● Data provided
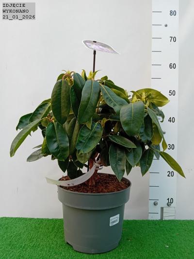 "Zimozielony różanecznik z rodziny wrzosowatych o zwartym pokroju przez cały okres wzrostu. charakteryzujący się ciemnozielonymi. skórzastymi liśćmi. Ozdobą różaneczników są przede wszystkim kwiaty. zebrane w obfite. wielobarwne kwiatostany na szczytach p
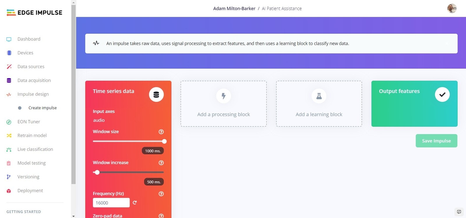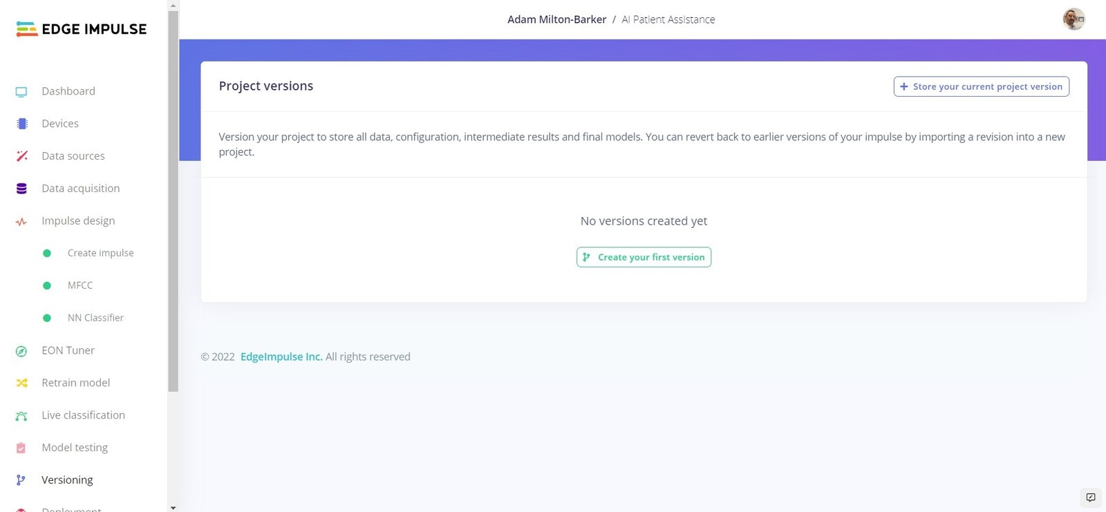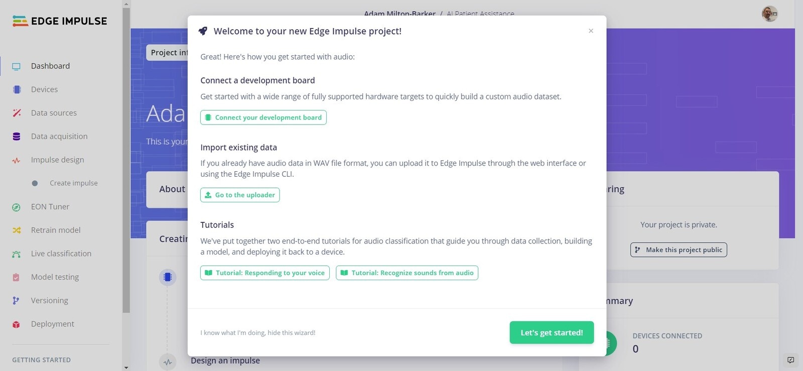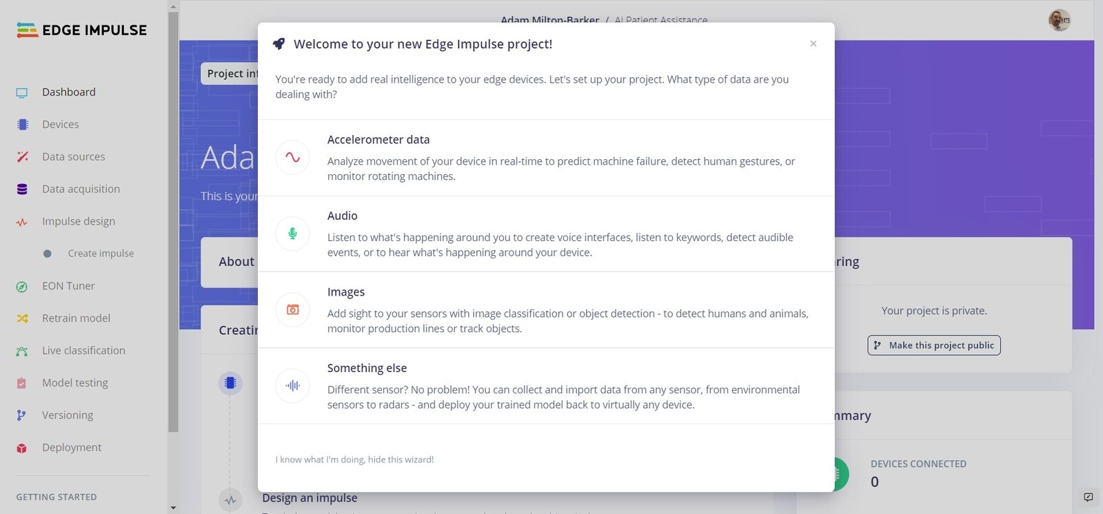 Head over to Edge Impulse and create your account or login. Once logged in you will be taken to the project selection/creation page.Create New Project
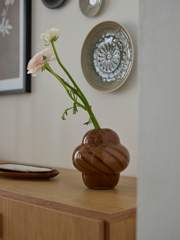 Beżowy kolor idealnie łączy się z drewnianymi dekorami – ten miks kolorystyczny wprowadzi poczucie ciepła i komfortu.
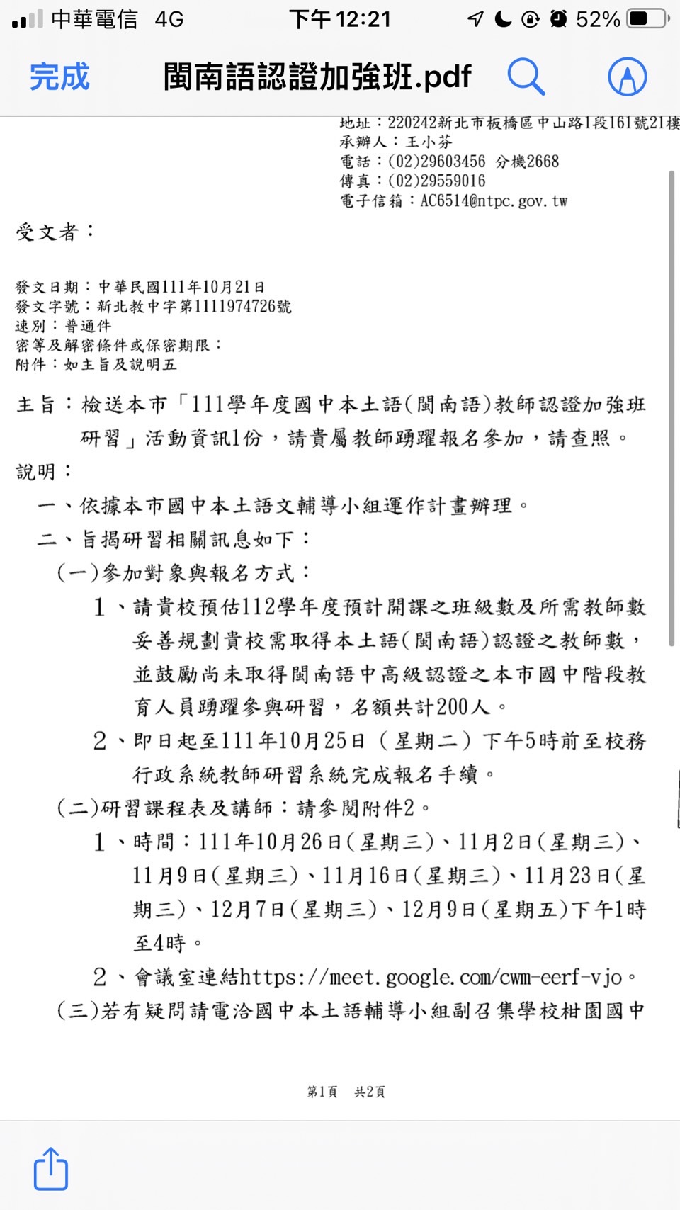 公文-閩南語文輔導認證研習課程實施計畫.pdf

● Task statement
Would you set down, word for word, the lines running from the one that contains "Beżowy kolor idealnie" to the last line of the material, omitting all pictures?

● Task output
 Beżowy kolor idealnie łączy się z drewnianymi dekorami – ten miks kolorystyczny wprowadzi poczucie ciepła i komfortu.
 公文-閩南語文輔導認證研習課程實施計畫.pdf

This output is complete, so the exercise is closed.